*** INFORMATION SHOWN

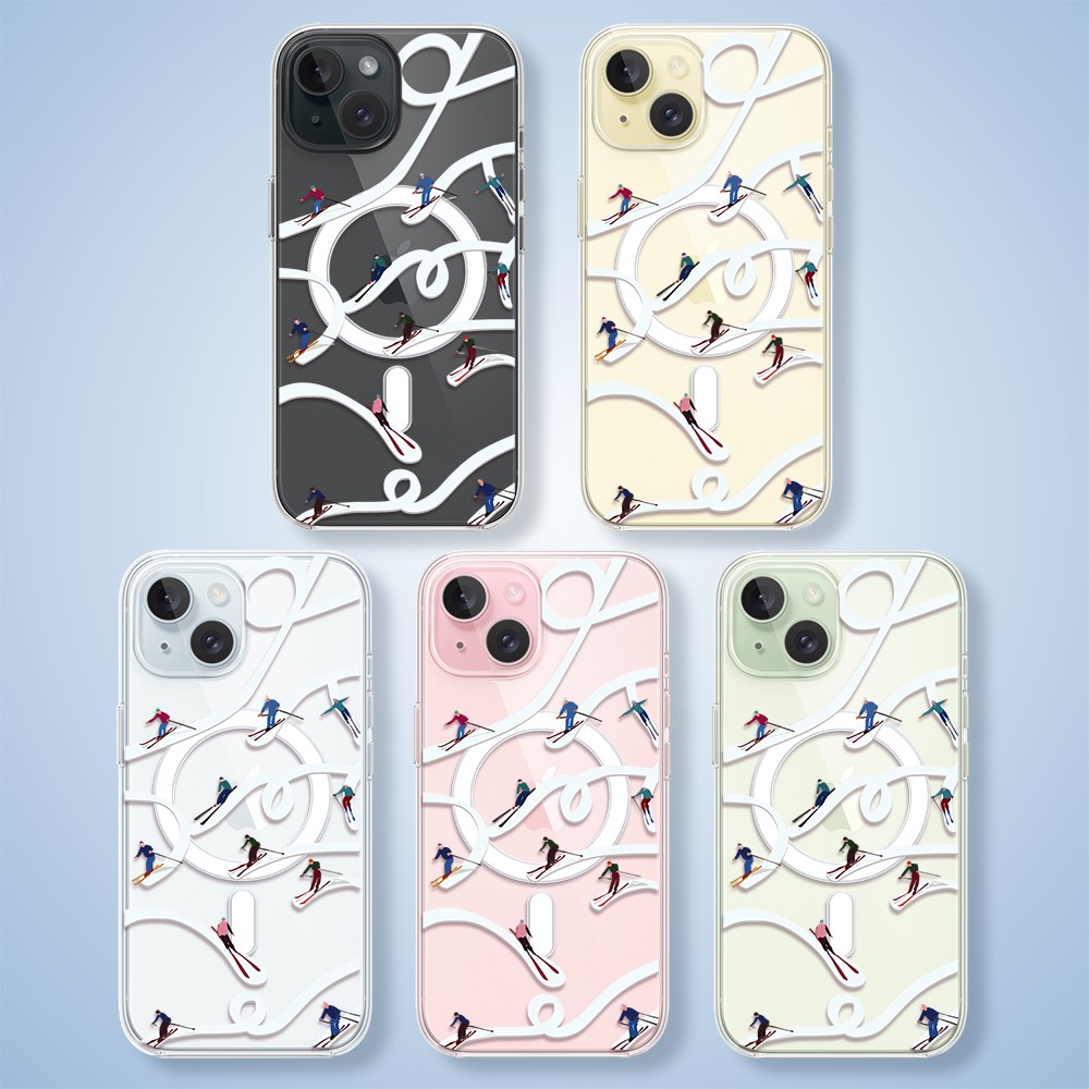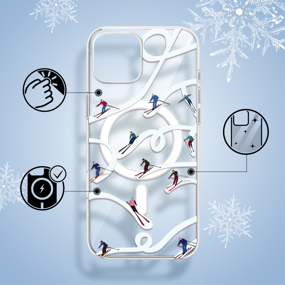 Etui do iPhone 15 z MagSafe, Zimowa Magia, Narciarskie wiraże, przeźroczyste1
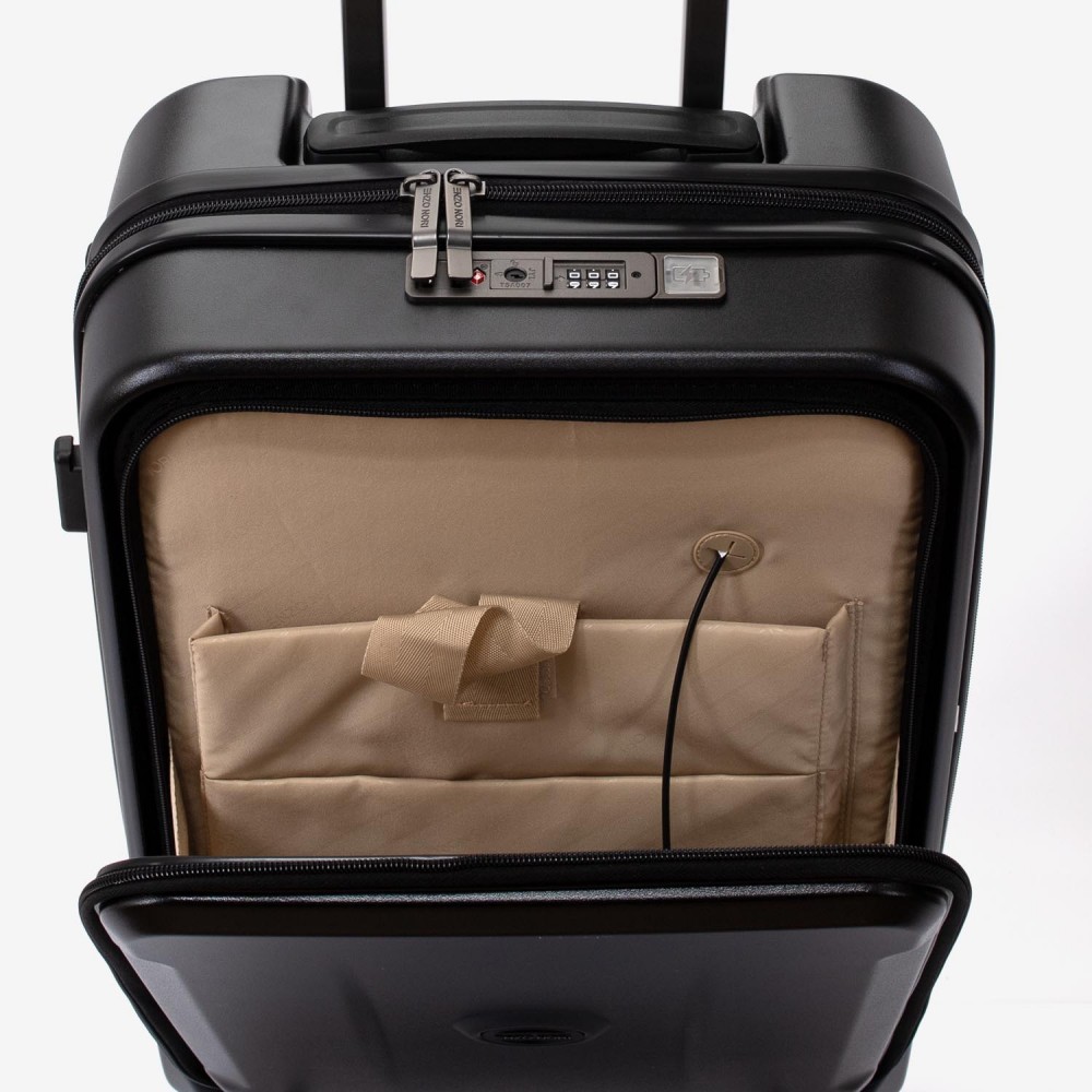 Troler cabina compartiment laptop ENZO NORI model GALAXY 55 cm policarbonat negru
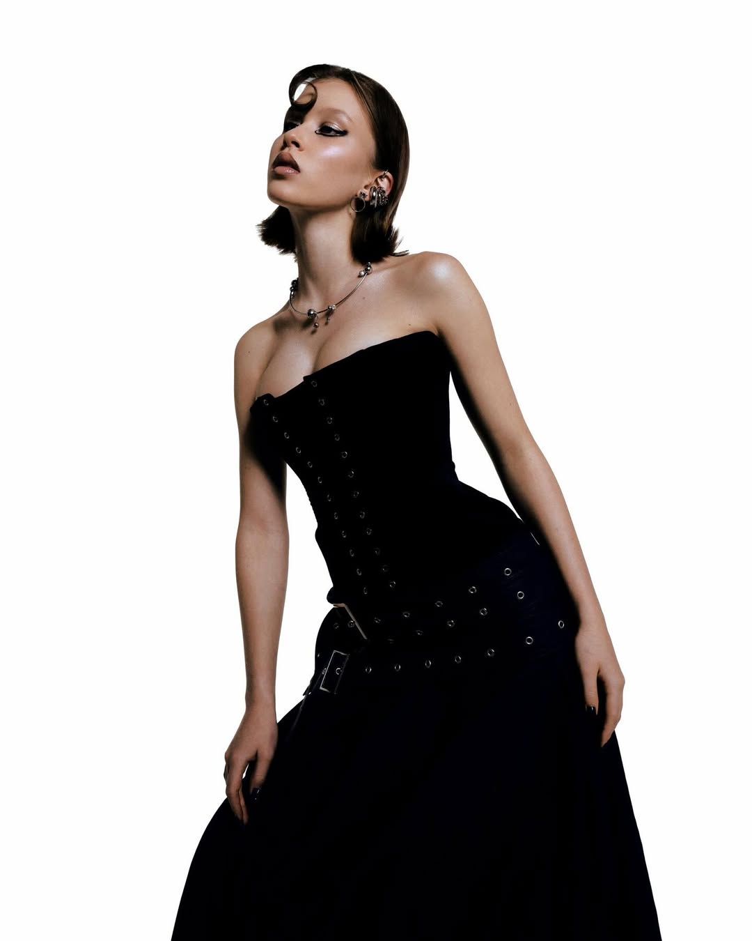 Стилисты уложили волосы звезды сериала «Слово пацана. Кровь на асфальте» в прическу с эффектом мокрых волос. Образ дополнило колье с шипами. Визажистом в данной съемке выступила Рина Землюзина.

******

Give again exactly the lines running from the beginning of the material above through the line that contains "Troler cabina compartiment", and leave out every picture.

 Etui do iPhone 15 z MagSafe, Zimowa Magia, Narciarskie wiraże, przeźroczyste1
 Troler cabina compartiment laptop ENZO NORI model GALAXY 55 cm policarbonat negru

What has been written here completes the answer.